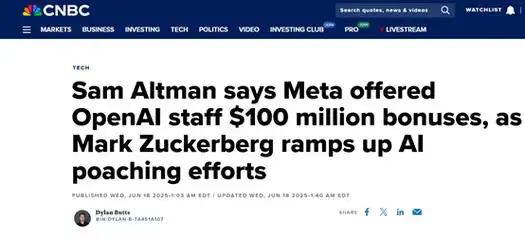 6 月 21 日消息,OpenAI 首席執(zhí)行官薩姆・奧爾特曼(Sam Altman)周三表示,Meta 曾向某 OpenAI 員工開出 1 億美元(現(xiàn)匯率約合 7.18 億元人民幣)獎金來挖人,但未能成功。事件核心解讀
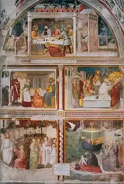 Капелла Ринуччини посвящена Рождеству Марии и св. Марии Магдалине. Программа росписей представляет собой эпизоды из их жития. На северной стене изображены: «Изгнание Иоакима из храма», «Сон Иоакима», «Встреча Иоакима и Анны у Золотых ворот», «Рождество Марии», «Введение Марии во храм», «Обручение Марии». На южной стене: «Пир в доме Симона Фарисея», «Христос у Марии и Марфы», «Воскрешение Лазаря», «Noli me tangere», «Чудесное нахождение ребёнка», «Воскрешение жены правителя по молитвам Марии Магдалины». Свод капеллы украшен изображениями четырёх пророков и медальоном с благословляющим Христом, который написан на дереве и прикреплён к потолку. Над входом располагаются полуфигуры двенадцати апостолов со скрижалями, на которых изображён символ веры. На пилястрах слева фигуры св. Франциска и св. Антония, справа – св. Людовик Тулузский и св. Андрей из Ананьи.
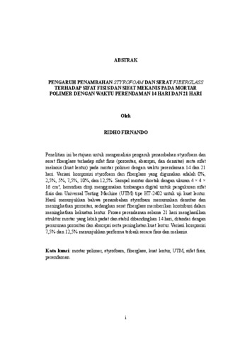 PENGARUH PENAMBAHAN STYROFOAM DAN SERAT FIBERGLASS TERHADAP SIFAT FISIS DAN SIFAT MEKANIS PADA MORTAR POLIMER DENGAN WAKTU PERENDAMAN 14 HARI DAN 21 HARI
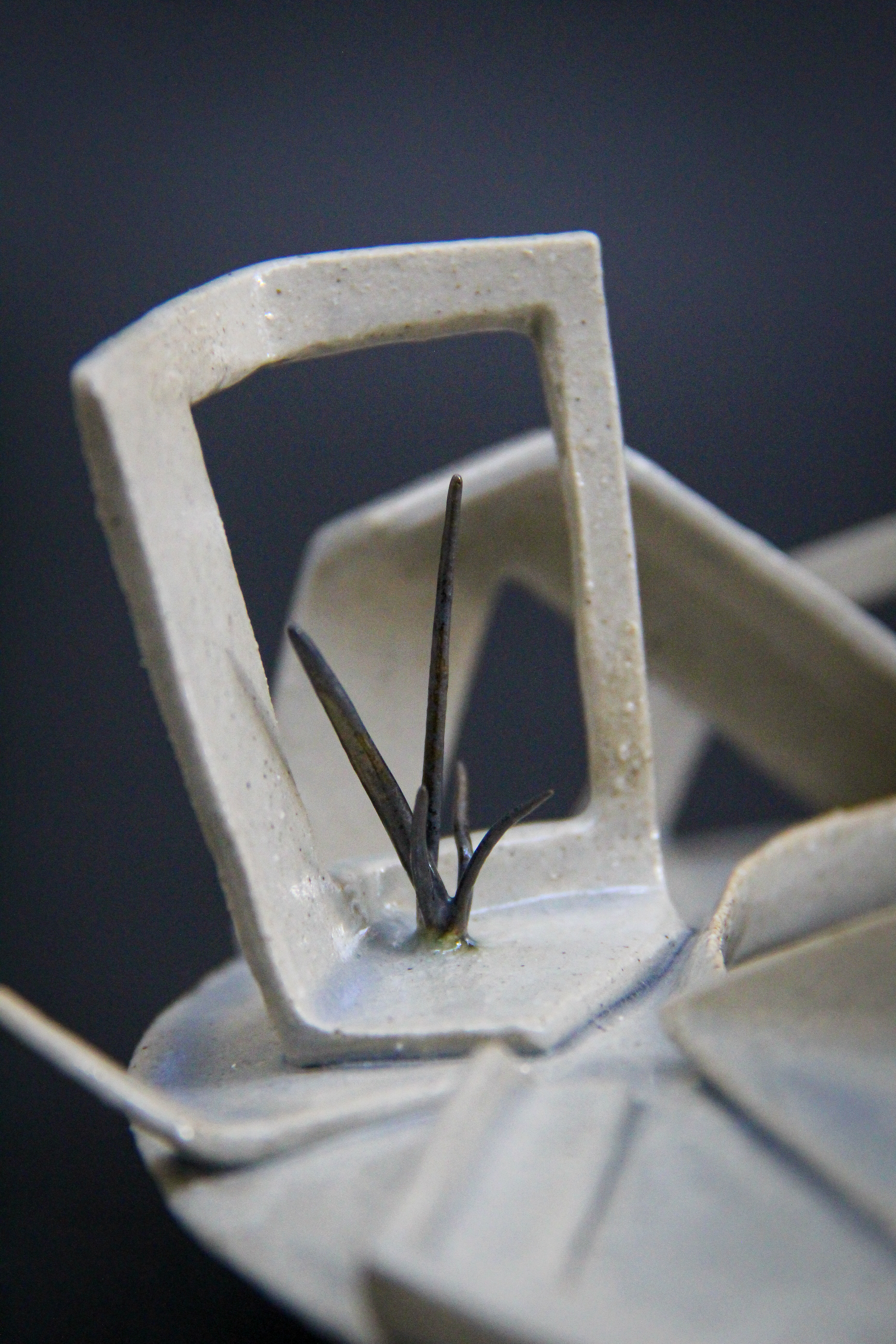 This ceramic stoneware piece combines wheel throwing, slip casting, and handbuilding in clay. An Etruscan inspired wheel thrown pot is the base for the four endangered plant species to South Carolina used in Let’s Bulldoze It. Delicate cut out shapes from slip cast forms are also incorporated. With a focus on detail, I use the negative space created by overlapping geometric shapes to enhance and create focal points out of mundane natural elements. This stoneware piece was sprayed with hand-mixed clear glaze, resulting in hints of cobalt where the glaze pooled.
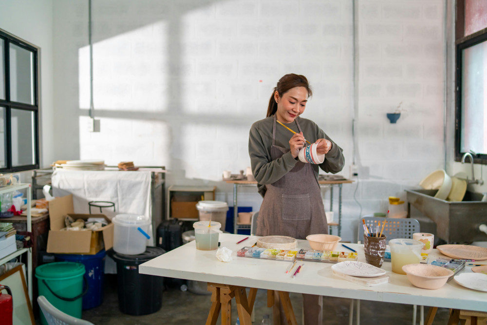 Før du begynder at indrette, er det en god idé at overveje, hvordan du bruger rummet. Del det op i zoner efter funktion: et arbejdsområde, et opbevaringsområde og eventuelt et udstillingsområde til færdige projekter. På den måde undgår du, at alt flyder sammen, og du får lettere ved at holde orden.
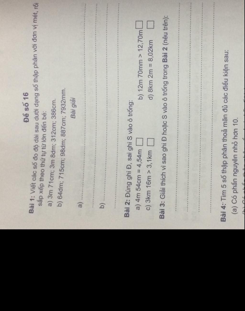 Sắp xếp : 9,8m ; 8,87m ; 7,932m ; 7,15m ; 6,4m .

□ □ □ □

Your copy should be the entries retyped exactly, with no images in it.

- Exercise answer
 6 月 21 日消息,OpenAI 首席執(zhí)行官薩姆・奧爾特曼(Sam Altman)周三表示,Meta 曾向某 OpenAI 員工開出 1 億美元(現(xiàn)匯率約合 7.18 億元人民幣)獎金來挖人,但未能成功。事件核心解讀
 Капелла Ринуччини посвящена Рождеству Марии и св. Марии Магдалине. Программа росписей представляет собой эпизоды из их жития. На северной стене изображены: «Изгнание Иоакима из храма», «Сон Иоакима», «Встреча Иоакима и Анны у Золотых ворот», «Рождество Марии», «Введение Марии во храм», «Обручение Марии». На южной стене: «Пир в доме Симона Фарисея», «Христос у Марии и Марфы», «Воскрешение Лазаря», «Noli me tangere», «Чудесное нахождение ребёнка», «Воскрешение жены правителя по молитвам Марии Магдалины». Свод капеллы украшен изображениями четырёх пророков и медальоном с благословляющим Христом, который написан на дереве и прикреплён к потолку. Над входом располагаются полуфигуры двенадцати апостолов со скрижалями, на которых изображён символ веры. На пилястрах слева фигуры св. Франциска и св. Антония, справа – св. Людовик Тулузский и св. Андрей из Ананьи.
 PENGARUH PENAMBAHAN STYROFOAM DAN SERAT FIBERGLASS TERHADAP SIFAT FISIS DAN SIFAT MEKANIS PADA MORTAR POLIMER DENGAN WAKTU PERENDAMAN 14 HARI DAN 21 HARI
 This ceramic stoneware piece combines wheel throwing, slip casting, and handbuilding in clay. An Etruscan inspired wheel thrown pot is the base for the four endangered plant species to South Carolina used in Let’s Bulldoze It. Delicate cut out shapes from slip cast forms are also incorporated. With a focus on detail, I use the negative space created by overlapping geometric shapes to enhance and create focal points out of mundane natural elements. This stoneware piece was sprayed with hand-mixed clear glaze, resulting in hints of cobalt where the glaze pooled.
 Før du begynder at indrette, er det en god idé at overveje, hvordan du bruger rummet. Del det op i zoner efter funktion: et arbejdsområde, et opbevaringsområde og eventuelt et udstillingsområde til færdige projekter. På den måde undgår du, at alt flyder sammen, og du får lettere ved at holde orden.
 Sắp xếp : 9,8m ; 8,87m ; 7,932m ; 7,15m ; 6,4m .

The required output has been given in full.